+++ Data +++

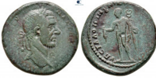
1094 Moesia Inferior. Nikopolis ad Istrum. Macrinus AD 217-218. Statius Longinus, consular legate Bronze Æ 28 mm, 12,05 g nearly very fine 10
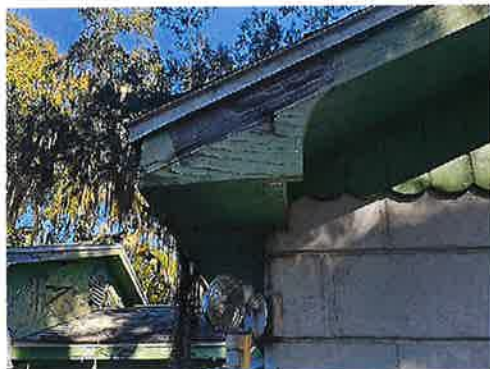
Exterior(015) C-Wall, Center Wood Fascia Lead-Positive, Deteriorated
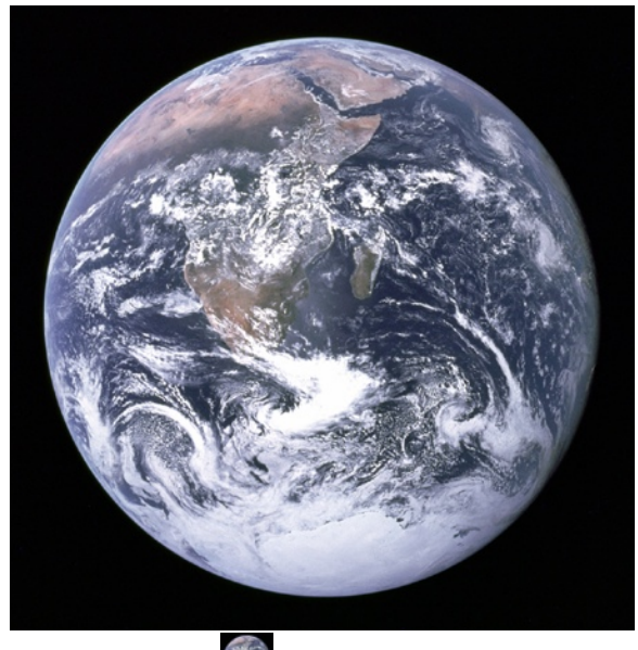
The Earth is Round
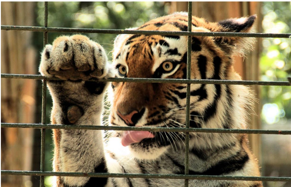
Figure 2: Image of Tiger

Explain ONE positive and ONE negative reaction of different audiences upon seeing this image.
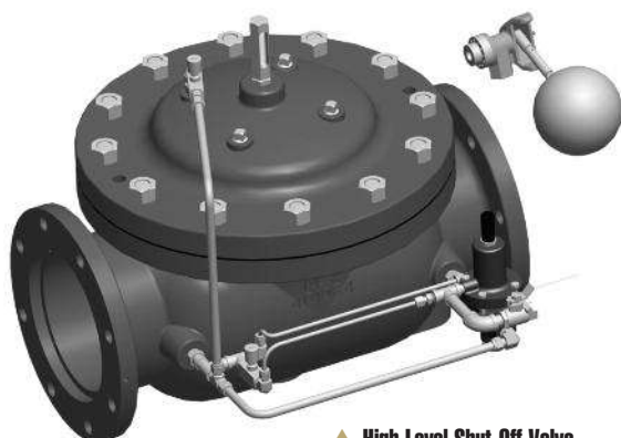
▲ High Level Shut-Off Valve Sizes: 6" - 24"

The Model 8104 is applicable anywhere it is necessary to automatically control the high level in storage tanks where the float pilot can be mounted inside the tank.
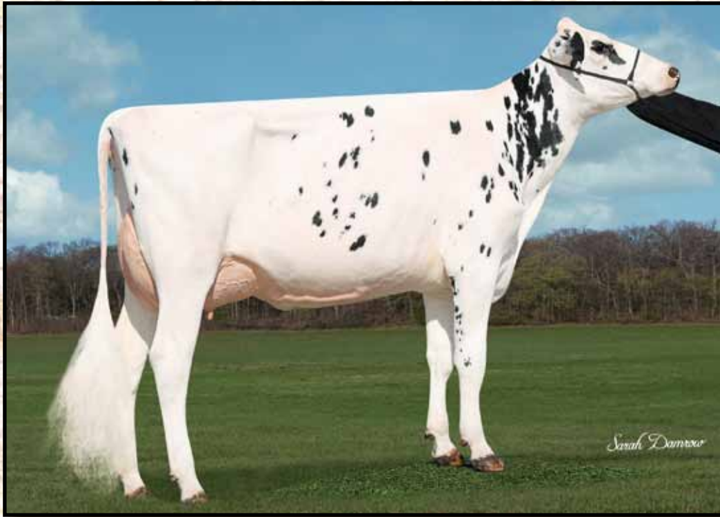
GROVES-VU AXL LATTITUDE VG-85 Dam of Lot 24
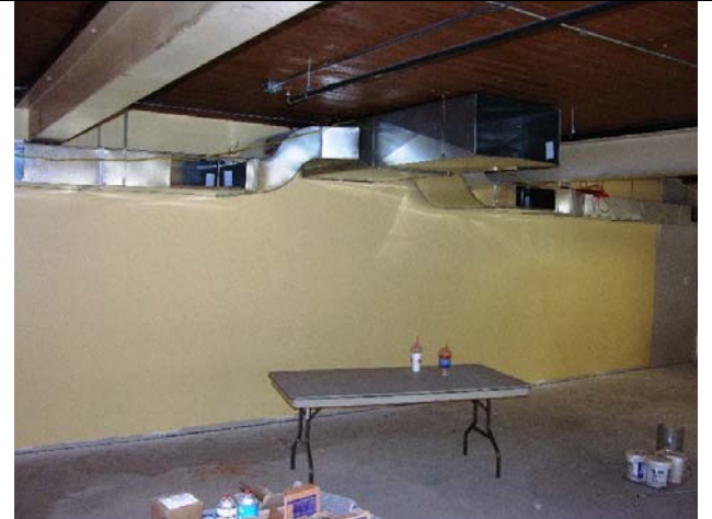
Ductwork Installation is ongoing at basement level.
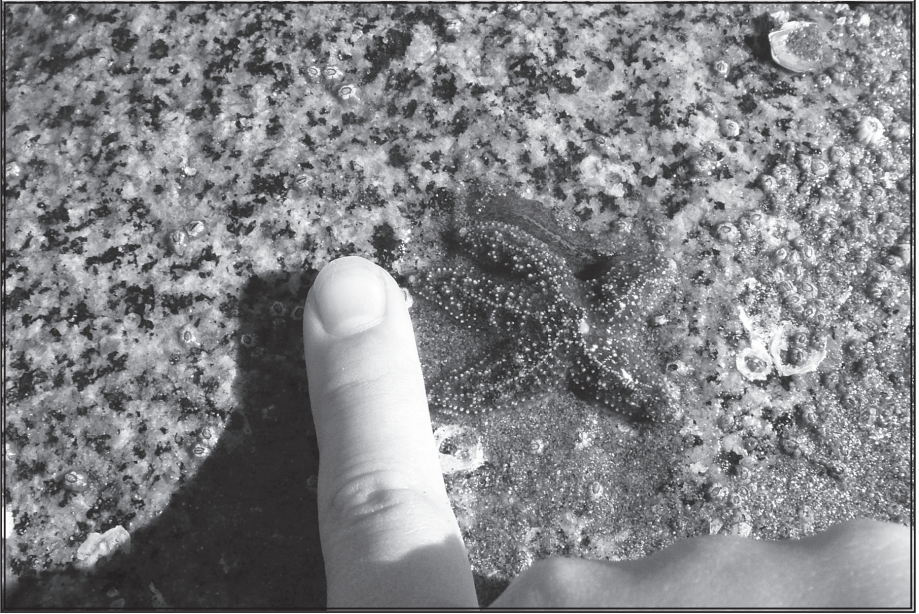
Figure 3. Student showing the relative size of a seastar with her index finger

The students also made note of changes they observed in the park over the course of the project. Most shared that the number of wasps was very high in the summer but much smaller in the autumn; some speculated that this was because wasps hibernated and hated the cold. In their letters, many students described the plants and animals that could be observed in different seasons, for example, puffballs and Amanita spp. in autumn. Students also wrote of changes to the beach with the tides and the animals that could be observed when the tide was low—sea anemones, seastars, horse clams, periwinkles, moon snails, and jellyfish.

+++

- _Action item_: Write down exactly the line with "Figure 3. Student", then each line after it through the end of the data.

- _Answer area_:
Figure 3. Student showing the relative size of a seastar with her index finger

The students also made note of changes they observed in the park over the course of the project. Most shared that the number of wasps was very high in the summer but much smaller in the autumn; some speculated that this was because wasps hibernated and hated the cold. In their letters, many students described the plants and animals that could be observed in different seasons, for example, puffballs and Amanita spp. in autumn. Students also wrote of changes to the beach with the tides and the animals that could be observed when the tide was low—sea anemones, seastars, horse clams, periwinkles, moon snails, and jellyfish.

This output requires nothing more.